*WHAT THIS TASK INVOLVES*. Each line from the one holding "프라다 25 신상 개미허리" to the last line of the listing must be set down exactly. No pictures are to be included.

*THE DATA*.

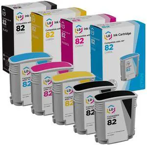 LD Remanufactured Ink Cartridge Replacement for HP 82 (2 Black, 1 Cyan, 1 Magenta, 1 Yellow, 5-Pack) Compatible with DesignJet 500 500PS 510 800 800PS 815MFP 820MFP cc800ps
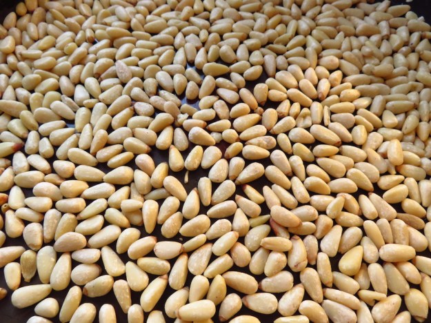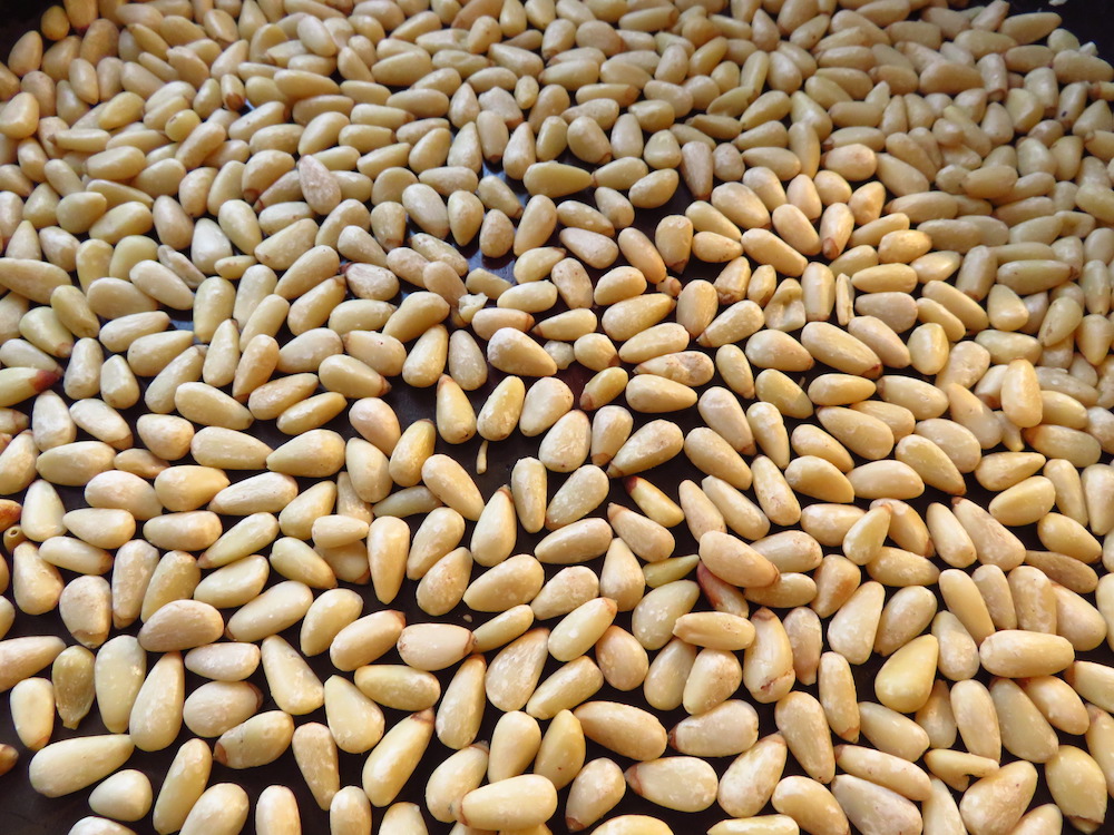 Die Pinienkerne in einer Pfanne bei leichter bis mittlerer Hitze leicht rösten. Die Kerne sollen ein duftiges, warmes Aroma entwicklen ohne Röstaromen, klar.
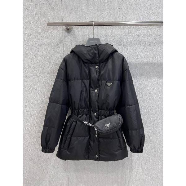 프라다 25 신상 개미허리 패딩 점퍼 재생 나일론 원단과 탈부착 가능한 허리로 아이코닉한 삼각형 모양의 3D 포켓이 후드형 패딩 점퍼에 새로운 격식을 더해줌 안감에는 국표 90의 부드러운 구스다운 라이닝으로 따뜻하게 케어해 주며 몸체는 Re-Nylon 재생 나일론 원단으로 탄력 있는 스트랩 밑단이 허리 라인을 살려주고 칼라 옆단추는 오픈 클로져로 포인트
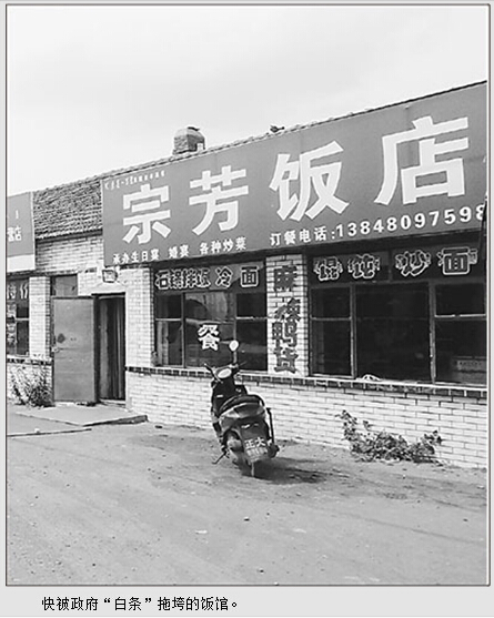 记者经多方核实了解到,1992年,奎勒河镇农民徐瑞梅在镇上开了一家名叫“宗芳饭店”的家常饭馆。慢慢地,回头客越来越多,也成了镇政府的“定点饭馆”。好不容易碰上镇政府这个“不差钱”的“老主顾”,徐瑞梅刚开始还颇感自豪。然而好景不长,她发现镇政府的人来吃饭,从来不结账,习惯“打白条”,一般都是在账单上龙飞凤舞地签个字,“嘴一抹拍屁股走人”。一晃过了两年,当她拿着厚厚一摞饭费单据去镇政府找财务人员结账,得到的答复是:“镇里没钱给,先欠着吧!”

*WRITTEN ANSWER*.
 프라다 25 신상 개미허리 패딩 점퍼 재생 나일론 원단과 탈부착 가능한 허리로 아이코닉한 삼각형 모양의 3D 포켓이 후드형 패딩 점퍼에 새로운 격식을 더해줌 안감에는 국표 90의 부드러운 구스다운 라이닝으로 따뜻하게 케어해 주며 몸체는 Re-Nylon 재생 나일론 원단으로 탄력 있는 스트랩 밑단이 허리 라인을 살려주고 칼라 옆단추는 오픈 클로져로 포인트
 记者经多方核实了解到,1992年,奎勒河镇农民徐瑞梅在镇上开了一家名叫“宗芳饭店”的家常饭馆。慢慢地,回头客越来越多,也成了镇政府的“定点饭馆”。好不容易碰上镇政府这个“不差钱”的“老主顾”,徐瑞梅刚开始还颇感自豪。然而好景不长,她发现镇政府的人来吃饭,从来不结账,习惯“打白条”,一般都是在账单上龙飞凤舞地签个字,“嘴一抹拍屁股走人”。一晃过了两年,当她拿着厚厚一摞饭费单据去镇政府找财务人员结账,得到的答复是:“镇里没钱给,先欠着吧!”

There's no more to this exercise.